As if the tasks weren’t hard enough, Pratt’s team will be shutting down the wireless communications so that the teams will only get about one second’s worth of information for every 30 seconds of competition.
“If you’ve ever been on a really bad cellphone call… it’s like that, but 10 times worse,” Pratt says.
There’s a very good reason for doing this, he points out. In a disaster zone, the networks get overloaded. Because of radiation shielding, communication goes down. So it’s very hard to directly control a robot when you can only send commands and receive vital information in broken bits and pieces.
The two-day competition gives each team two chances to earn a high score. On the first day, RoboSimian is one of the top performers, as is CHIMP, the other ape-like robot in the running.

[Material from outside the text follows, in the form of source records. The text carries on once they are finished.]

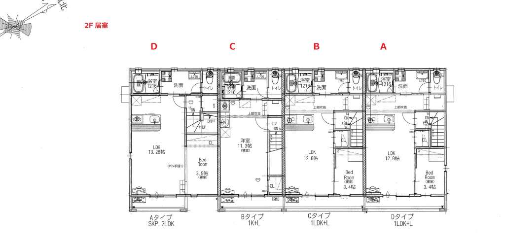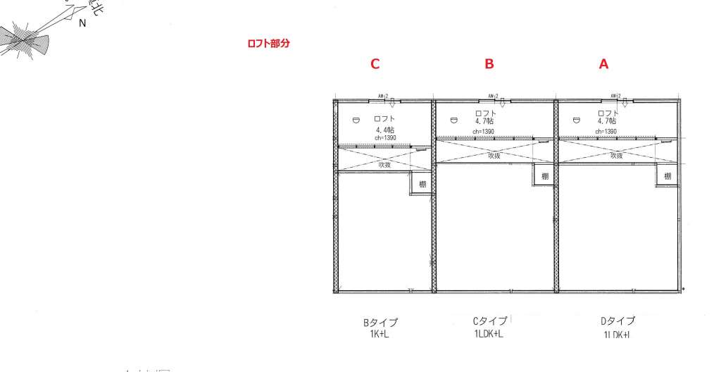 | C | ロフト付1K | LDK11.3帖 | ガレージ幅3.9m×奥行6.6m(最大部分) | ー | シャッター幅2.4m×高さ2.2m | 入居中 | ||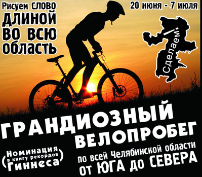 Велопробег примечателен тем, что его траекторией станет слово «Сделаем», которое собираются зафиксировать активисты на своих GPS. По замыслу организаторов, это увековечит событие в книге рекордов Гиннеса. Велосипедисты намерены преодолеть 2,1 тыс. километров, проехав все 43 муниципальных образования Челябинской области и посетив объекты мировой значимости – Аркаим, Саткинские Пороги, Зюраткульский Геоглиф, гробницу Тамерлана и Аллаки. Завершится экспедиция массовым велопарадом в Челябинске.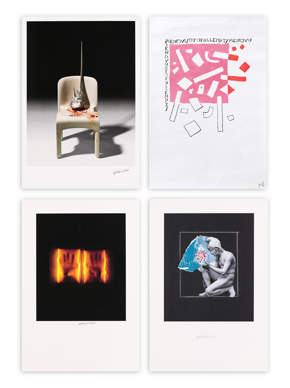 4 riproduzioni in stampa litografica di Giulio Paolini, Claudio Parmiggiani, Bertozzi & Casoni, Giorgio Griffa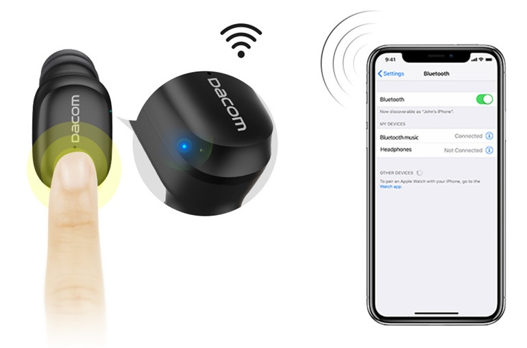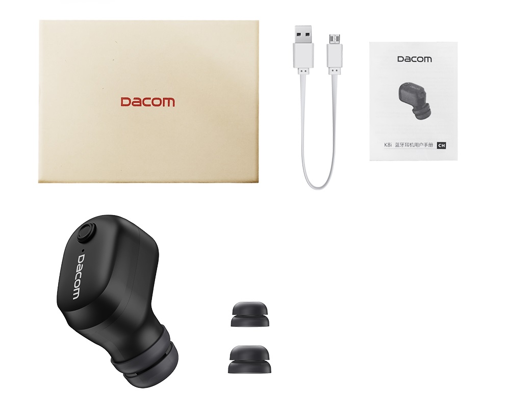 Obsah balenia: 1 x Mini bluetooth slúchadlo DACOM |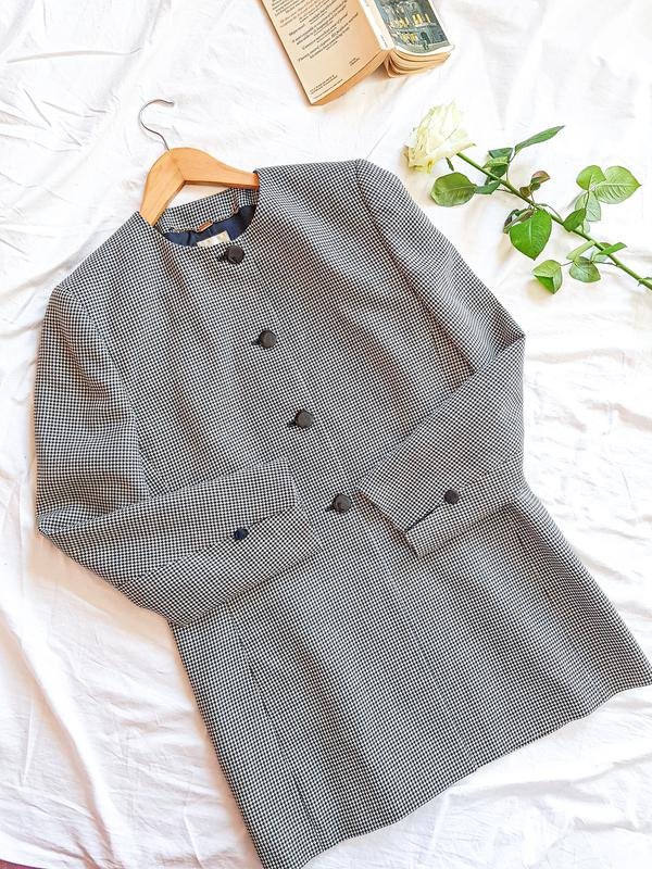 Жакет удлинённый viyella 100% шерсть клетчатый піджак классика винтаж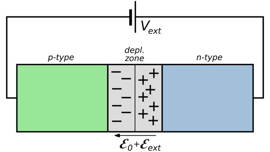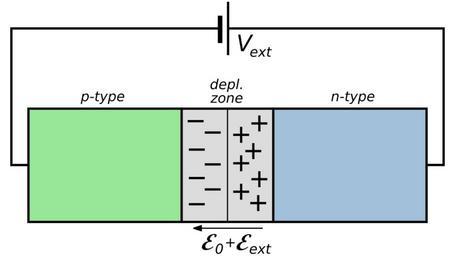 Keywords: Reverse-Biased pn Junction.svg Diagram of a pn junction under forward bias the resultant electric field <math>\mathcal E _0+\mathcal E _ ext </math> the depletion zone the space charges and the types of semiconductor Own drawing done in Inkscape 2007-02-20 inductiveload Reverse Biased pn Junction PN-junction diagrams |

The behemoth built by Carnegie Mellon University quickly becomes a fan favourite on the first day when it does what no other fallen robot has done: It picks itself back up and keeps going, earning roars of approval and the only perfect eight-point score.

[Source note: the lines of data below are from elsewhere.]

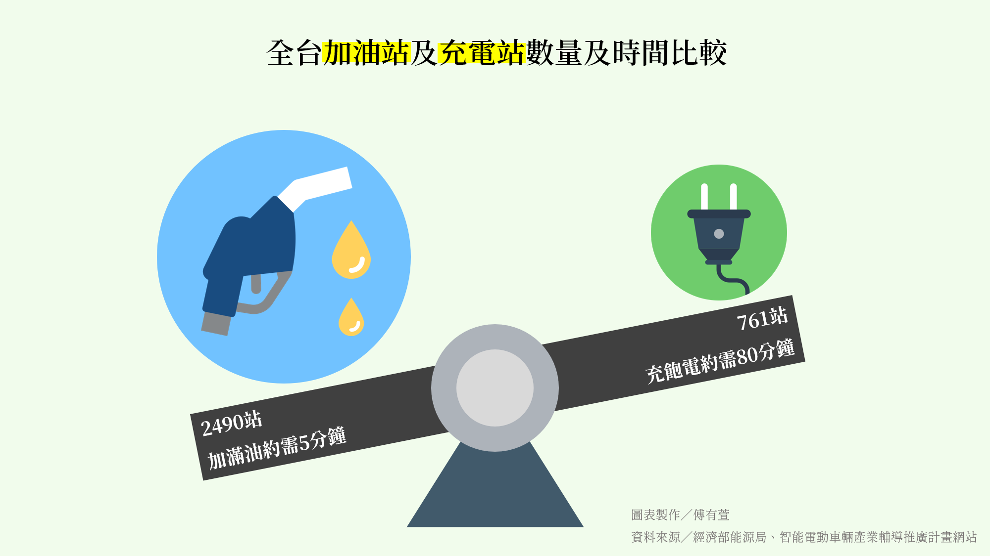 公有的充電樁主要分為一般充電站與超級充電站,一般充電樁所需的充電時間約數小時,超級充電樁則能縮短到幾十分鐘。打開純電汽車車主常用的充電站查詢App,只見國內的充電站站點分布,仍以大台北地區及台中等六都之市中心為主。超級充電樁主要由特斯拉品牌提供,根據其官網公告,台灣至今已啟用17個超級充電站,平均267位特斯拉汽車駕駛須共同使用一個超級充電站。Andy老爹指出,對消費者而言,純電汽車充電樁數量不足相當程度削弱他們的購買意願,「如果消費者連充電都要排隊,那他們理所當然會想:買能加油的車不是比較方便嗎?」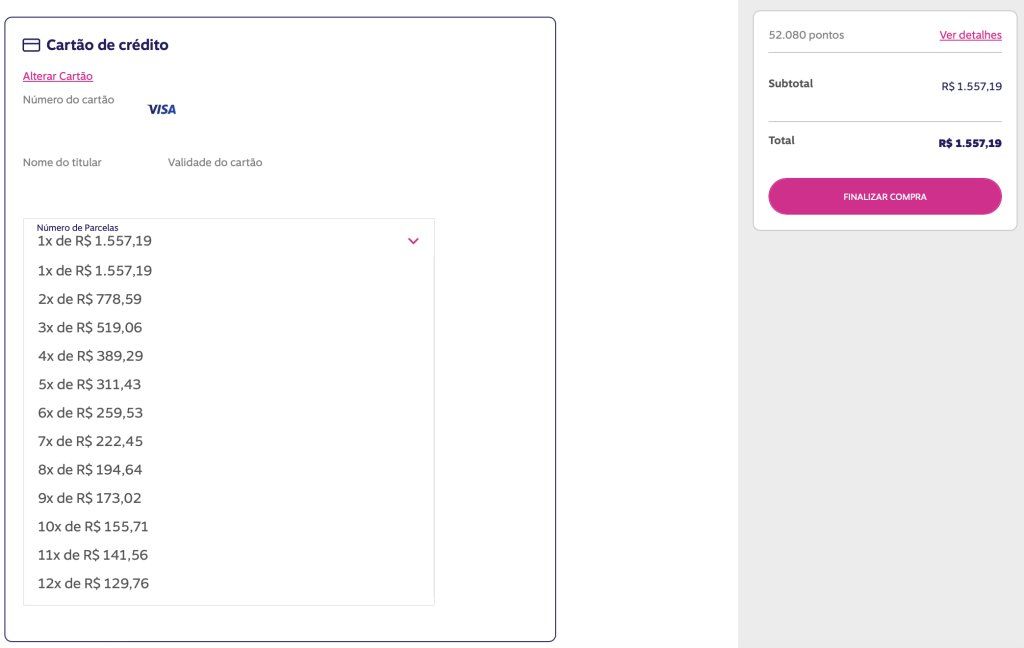 O pagamento desses pontos pode ser feito através do cartão de crédito, com parcelamento em até 12 vezes sem juros ou Pix.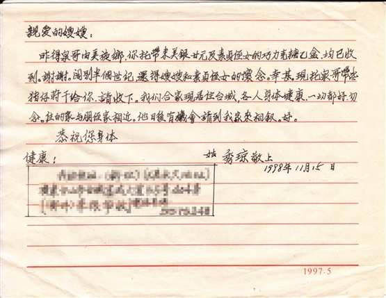 李柏达的母亲给海外亲人的回信。张华炽摄

On the second day, UCLA’s THOR-RD robot, like many of the other bipedal robots, takes mincing steps toward its target, but falls backward partway between the valve and the drill. It’s out of the running for the big prize.
After its second performance, RoboSimian also falls short, ending up in fifth place.
CHIMP’s high score from the first day helps earn it third place and US$500,000 (RM1.85mil); second place and US$1mil (RM3.7mil) goes to Running Man from Team IHMC Robotics in Florida.
Team KAIST from South Korea takes the US$2mil (RM7.4mil) prize after dispatching all eight tasks with amazing speed.
As the event is winding down, four-wheeled Momaro, from Team NimbRo Rescue in Germany, struggles through the course.
There’s no chance the bright orange robot will win, but still it pushes on alone through the debris with one wheel askew, to cheers from the crowd.
But the stairs still stretch in front of the robot. Momaro’s spinning head seems to ponder whether to attempt this final task. Then, very slowly, it turns its torso to the grandstand, raises an arm and jiggles it.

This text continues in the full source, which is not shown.